=Paper= {{Paper |id=Vol-1175/CLEF2009wn-ImageCLEF-KovalevEt2009 |storemode=property |title=United Institute of Informatics - Problems at CLEF 2009 Medical Image Retrieval Task |pdfUrl=https://ceur-ws.org/Vol-1175/CLEF2009wn-ImageCLEF-KovalevEt2009.pdf |volume=Vol-1175 |dblpUrl=https://dblp.org/rec/conf/clef/KovalevSDP09 }} ==United Institute of Informatics - Problems at CLEF 2009 Medical Image Retrieval Task== https://ceur-ws.org/Vol-1175/CLEF2009wn-ImageCLEF-KovalevEt2009.pdf
     United Institute Of Informatics Problems at
      CLEF2009: Medical Image Retrieval Task
              Vassili Kovalev, Igor Safonov, Alexander Dmitruk, Alexander Prus
       United Institute of Informatics Problems, Surganova st. 6, Minsk, 220012, Belarus
                   vassili.kovalev@gmail.com, igorsafonov@gmail.com
                       dmitruk@newman.bas-net.by, alex prus@tut.by


                                            Abstract


         This paper describes methods and results archived by our research group at the
     Cross Language Evaluation Forum (CLEF’2009). In our work we concentrated on the
     medical image retrieval task. All the attention was given to the retrieval based on nine
     visual topics only. No textual information was considered.
         Our goal was to develop and comparatively assess image descriptors for content
     based retrieval on the large medical image database. In addition to results of official
     relevance judgment, time- and computational efficiency of the algorithms has also been
     of our interest.
         An approach based on generalized co-occurrence matrices was used.
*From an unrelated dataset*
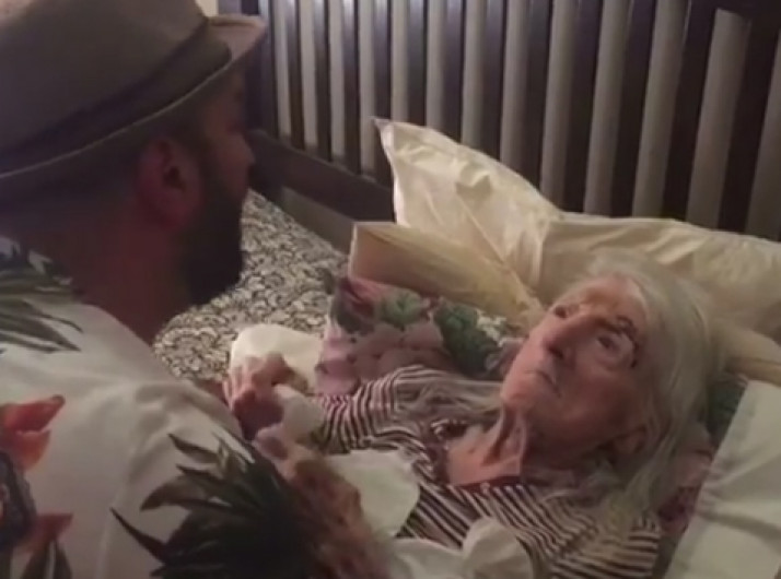 Homem emociona ao cantar para avó no aniversário de 98 anos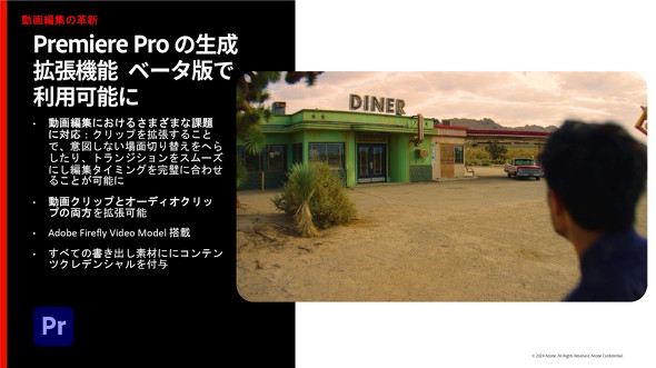 また、βアプリではFirefly Video Modelを活用した「生成拡張」が新たに実装される。これは動画クリップを最大2秒、オーディオクリップを最大10秒“引き延ばす”機能で、動画と音声の編集タイミング合わせをしやすくするための機能となる。この機能を使って書き出された動画には、C2PA形式の来歴も記録される。

The following
     elementary image characteristics have been utilized: signal intensity, absolute value of
     the intensity gradient and the angle between the gradient vectors in the pixel pairs.
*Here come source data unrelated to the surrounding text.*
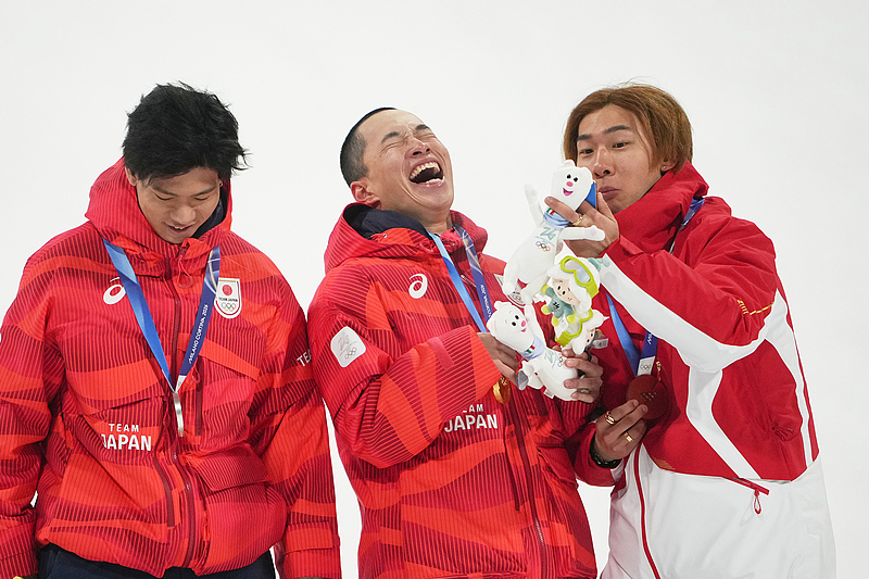 苏翊鸣在自拍合影步调逗得两位日本选手捧腹大笑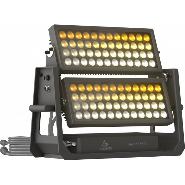 ArcPod 96Q is a two-headed bright outdoor wash light, designed for large scale outdoor installations and long throw projection. Equipped with 96x10W RGBW/FC LEDs, delivering a superior colour mixing a...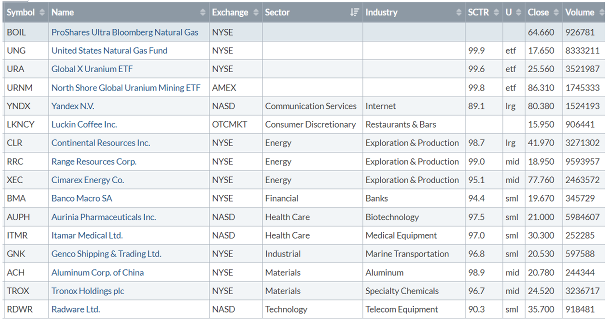 Di seguito i titoli che hanno creato un nuovo massimo a 52 settimane, e stanno sovraperformando l’indice di riferimento S&P500.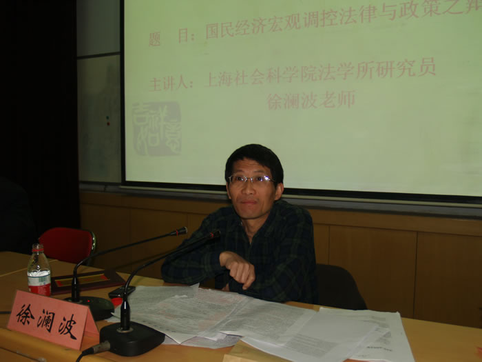 报告会上,首先法学院院长黄进才致欢迎词,并受学校委托宣布聘请徐澜波为兼职教授。接着,报告会开始,徐研究员先从宏观调控法的立法争议讲起,阐述了政策派认为宏观调控难以依法调控的理由。通过表述总结了宏观调控应该法律化的个人观点,并对主体和主体权力边界,调控的措施、前提和调控的程序等问题进行了详细的解说。报告期间,徐研究员知识渊博、思路清晰、分析深入浅出、讲解幽默,赢得了大家的阵阵掌声。结束后,徐研究员还与现场的学生进行互动交流,回答了学生提出的相关问题。

Categories and Subject Descriptors
H.3 [Information Storage and Retrieval]: H.3.1 Content Analysis and Indexing; H.3.3 Infor-
mation Search and Retrieval; H.3.4 Systems and Software; H.3.7 Digital Libraries

Keywords
Medical imaging, CBIR, Generalized co-occurrence matrix, Distance measure


1    Introduction
This paper describes basic methods and results archived during the medical image retrieval com-
petition of CLEF 2009 [1]. Since we are working with visual information only, most of attention
is given to generalized co-occurrence matrices as image descriptors.


2    Methods
Image retrieval procedure consists of two steps. Initially, image content is represented by global
features, i.e. descriptors are calculated. Next, the descriptors are compared to a sample image in
order to find most similar ones.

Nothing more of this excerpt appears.